**TASK BRIEF:** The data below contains pictures, which are to be skipped; the lines starting at the line with "Σύμφωνα με την" and ending at the line with "Luật Giáo dục" are to be output exactly, both ends included.

**EXERCISE MATERIAL:**
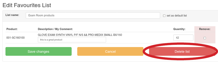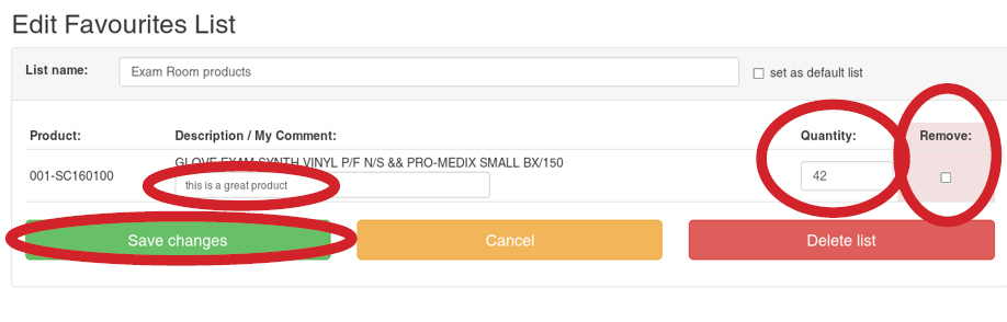 Modifiez les quantités par défaut et les commentaires sur les produits en modifiant les boîtes de texte correspondantes. Pour retirer complètement un produit d’une liste, utilisez les cases Retirer. Lorsque terminé, cliquez sur le bouton Sauvegarder les modifications.
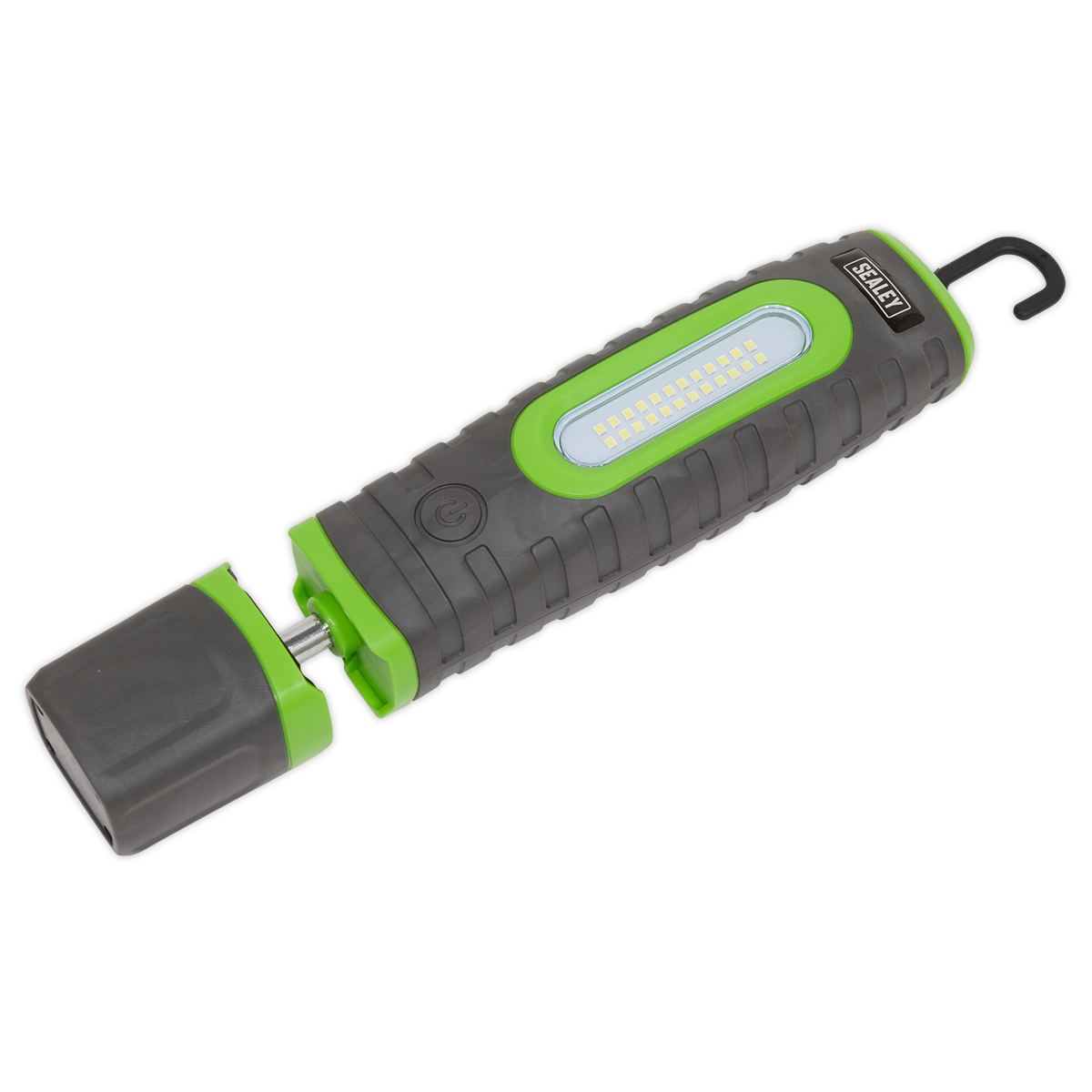 • Unique and innovative 360° swivel and tilt function enables the light source to be positioned in any direction. • Exclusive patented design owned by and registered to Sealey. • Each lamp houses 24 super bright SMD LEDs providing up to 1000 lumens output with 120° spread of light, illuminating the whole work area. • Includes an additional high power 3W LED directional torch. • Features two swivel hooks and three rubber covered magnets, two on the rear and one on the end, which allow hands-free operation. • Two high quality 3.7V 2.6Ah Lithium-ion batteries in parallel for up to 15 hours run time. • Micro USB charging port. • Supplied with USB cable.
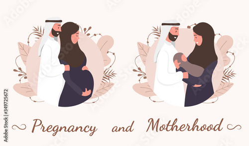 Happy maternity set with parents characters flat vector illustration isolated.
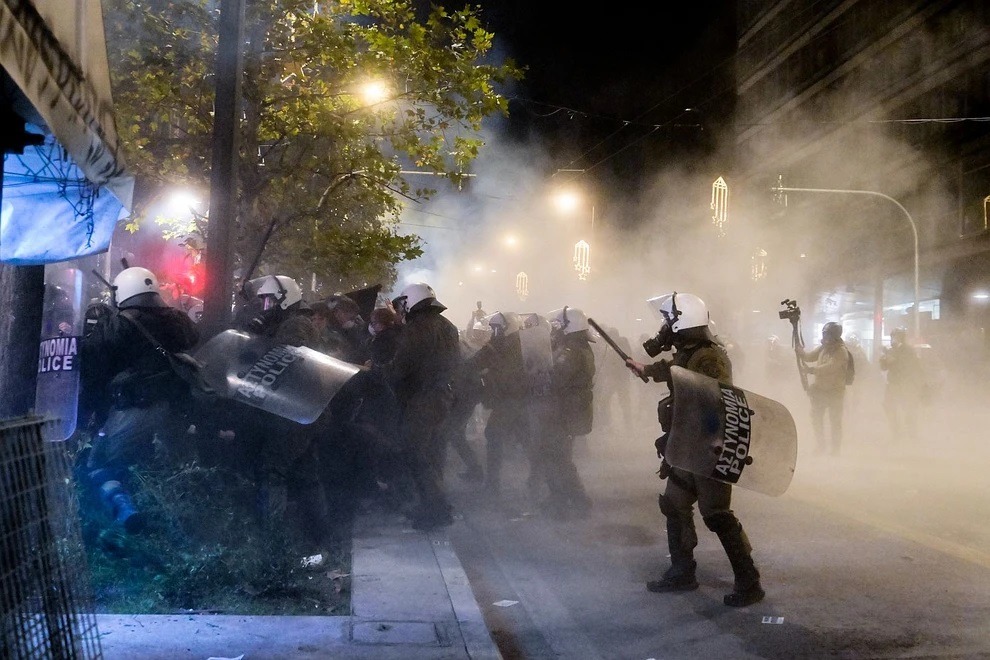 Σύμφωνα με την ΕΛΑΣ, περίπου στις 8 το βράδυ στη συμβολή των οδών Πανεπιστημίου και Εμμανουήλ Μπενάκη μια ομάδα περίπου 400 ατόμων που συμμετείχαν στην πορεία επιτέθηκαν σε διμοιρίες των ΜΑΤ, που απάντησαν κάνοντας χρήση χημικών.
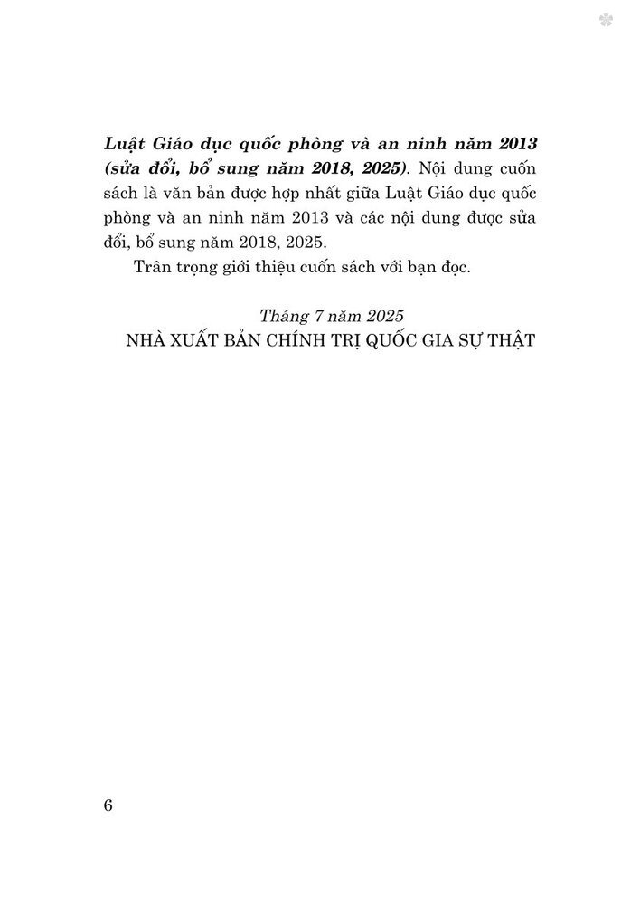 Luật Giáo dục quốc phòng và an ninh năm 2013 (sửa đổi, bổ sung năm 2018, 2025) do Nhà xuất bản Chính trị quốc gia Sự thật phát hành là tài liệu pháp lý quan
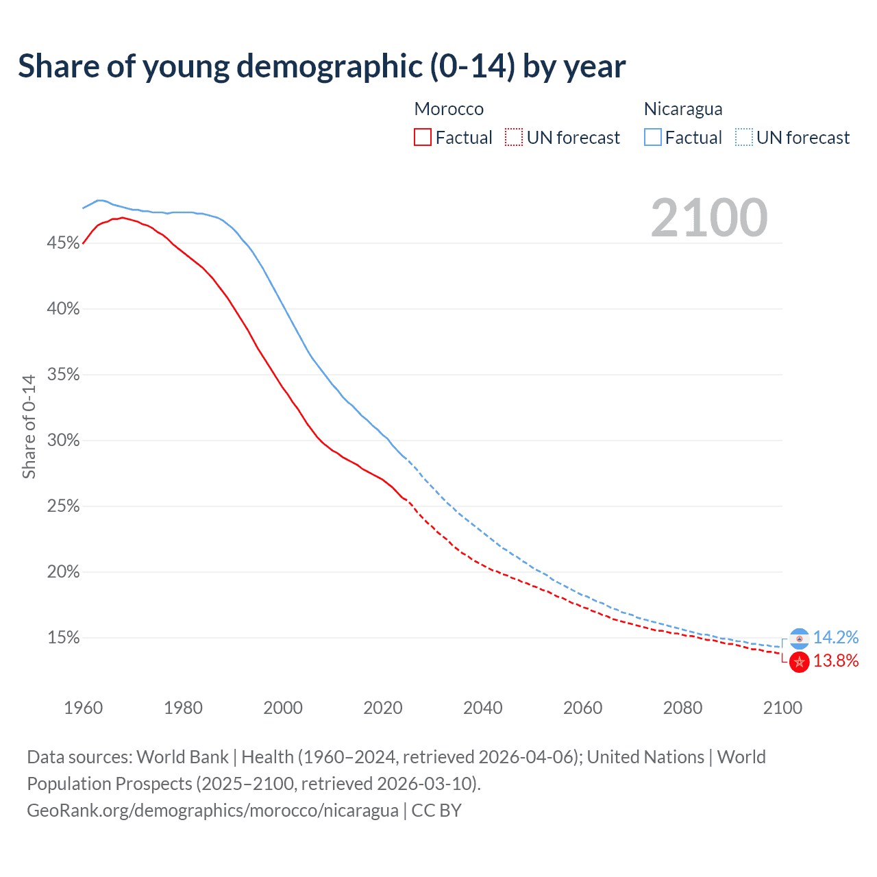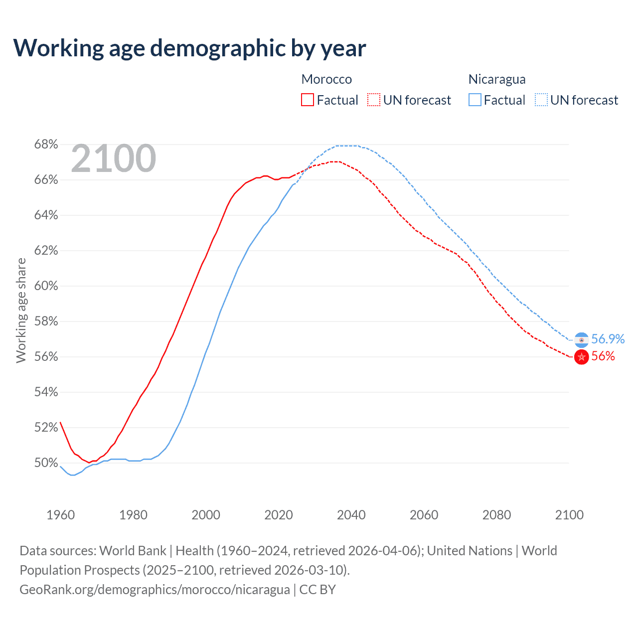 Median age Morocco vs Nicaragua, 1960-2100

**ANSWER TO THIS TASK:**
 Σύμφωνα με την ΕΛΑΣ, περίπου στις 8 το βράδυ στη συμβολή των οδών Πανεπιστημίου και Εμμανουήλ Μπενάκη μια ομάδα περίπου 400 ατόμων που συμμετείχαν στην πορεία επιτέθηκαν σε διμοιρίες των ΜΑΤ, που απάντησαν κάνοντας χρήση χημικών.
 Luật Giáo dục quốc phòng và an ninh năm 2013 (sửa đổi, bổ sung năm 2018, 2025) do Nhà xuất bản Chính trị quốc gia Sự thật phát hành là tài liệu pháp lý quan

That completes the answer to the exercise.